Funding for the emergency home repairs was obtained from the city of Warren, Trumbull County commissioners, the Federal Home Loan Bank of Cincinnati and the ODOD housing assistance grant program.

Martin said the emergency home repair program is one of the steps TNP takes to prevent vacancies in the first place.

“What we’ve really learned I think is that if we can help folks make the most basic, substantial mechanical repairs to their properties, that’s going to help preserve their home ownership,” Martin said. “In other words, if somebody needs to choose between paying their taxes, insurance, or fixing a huge hole in their roof, then that is a situation that can start to devolve. Next thing you know that person can be out of a home and that house is another vacant one.”

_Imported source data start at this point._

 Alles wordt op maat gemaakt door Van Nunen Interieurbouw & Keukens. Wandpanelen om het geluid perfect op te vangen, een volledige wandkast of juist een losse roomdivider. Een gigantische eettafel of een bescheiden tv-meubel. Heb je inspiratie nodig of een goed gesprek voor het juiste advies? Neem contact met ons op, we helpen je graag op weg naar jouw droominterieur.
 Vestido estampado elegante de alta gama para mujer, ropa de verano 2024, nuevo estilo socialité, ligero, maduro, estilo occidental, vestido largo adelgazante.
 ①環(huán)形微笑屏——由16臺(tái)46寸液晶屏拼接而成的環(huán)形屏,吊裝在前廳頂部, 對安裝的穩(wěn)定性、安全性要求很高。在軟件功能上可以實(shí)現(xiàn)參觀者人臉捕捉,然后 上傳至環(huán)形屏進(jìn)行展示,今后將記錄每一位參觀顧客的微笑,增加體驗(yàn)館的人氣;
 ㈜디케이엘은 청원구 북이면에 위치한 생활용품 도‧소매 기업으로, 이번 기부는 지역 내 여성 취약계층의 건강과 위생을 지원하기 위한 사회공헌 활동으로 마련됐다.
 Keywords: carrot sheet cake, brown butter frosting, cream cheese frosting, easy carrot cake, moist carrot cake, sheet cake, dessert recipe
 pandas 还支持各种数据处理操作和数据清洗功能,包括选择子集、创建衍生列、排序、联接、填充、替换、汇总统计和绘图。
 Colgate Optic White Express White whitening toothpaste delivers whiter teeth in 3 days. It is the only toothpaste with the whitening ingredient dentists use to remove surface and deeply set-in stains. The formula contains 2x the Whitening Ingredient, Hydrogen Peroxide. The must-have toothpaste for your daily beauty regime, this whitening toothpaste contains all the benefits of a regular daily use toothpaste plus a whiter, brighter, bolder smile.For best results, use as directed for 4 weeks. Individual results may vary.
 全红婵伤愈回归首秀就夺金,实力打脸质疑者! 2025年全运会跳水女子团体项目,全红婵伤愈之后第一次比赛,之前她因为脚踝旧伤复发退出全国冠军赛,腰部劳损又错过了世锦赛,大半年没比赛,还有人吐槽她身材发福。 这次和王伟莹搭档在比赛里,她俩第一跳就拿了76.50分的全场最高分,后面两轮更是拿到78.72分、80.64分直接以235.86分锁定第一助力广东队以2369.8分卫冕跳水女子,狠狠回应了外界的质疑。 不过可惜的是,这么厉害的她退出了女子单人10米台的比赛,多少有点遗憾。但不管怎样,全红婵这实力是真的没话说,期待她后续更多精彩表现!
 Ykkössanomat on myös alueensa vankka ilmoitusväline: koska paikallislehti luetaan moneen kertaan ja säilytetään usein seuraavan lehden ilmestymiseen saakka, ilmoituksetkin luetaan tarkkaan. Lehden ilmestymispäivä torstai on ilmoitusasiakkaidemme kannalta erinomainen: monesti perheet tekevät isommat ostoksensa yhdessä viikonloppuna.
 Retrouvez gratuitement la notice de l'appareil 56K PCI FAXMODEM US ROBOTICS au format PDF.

Martin said TNP looks to proactively reach out to individuals who own their homes and income-qualify for the various programs. He said TNP looks for programs through various levels of government to have the resources available when a homeowner is in need of emergency repairs.

Emergency home repairs are just one of the many factors TNP will be focusing on in the near future.

Martin said TNP has focused on demolitions for the past 10 years but says TNP is at the end of the decade where it focused on demolitions and “the vacant property triage.” However, he noted that there always will be blighted properties to demolish.

Martin said TNP is making sure it is caught up on its commercial demolitions and brownfield remediation, which he described as cleaning up post-industrial sites that are dirty from previous use and need more than just a structure removed.

Martin also pointed to home ownership as a key focus for TNP going forward.

“We’re going to be looking at doing new, single-family construction,” he said.

Martin said TNP is looking to start pilot projects, building single family homes on sites that it selects along with Warren officials.

“We don’t want to just tear down houses forever, I think we want to rebuild at this point in addition to renovate,” Martin said.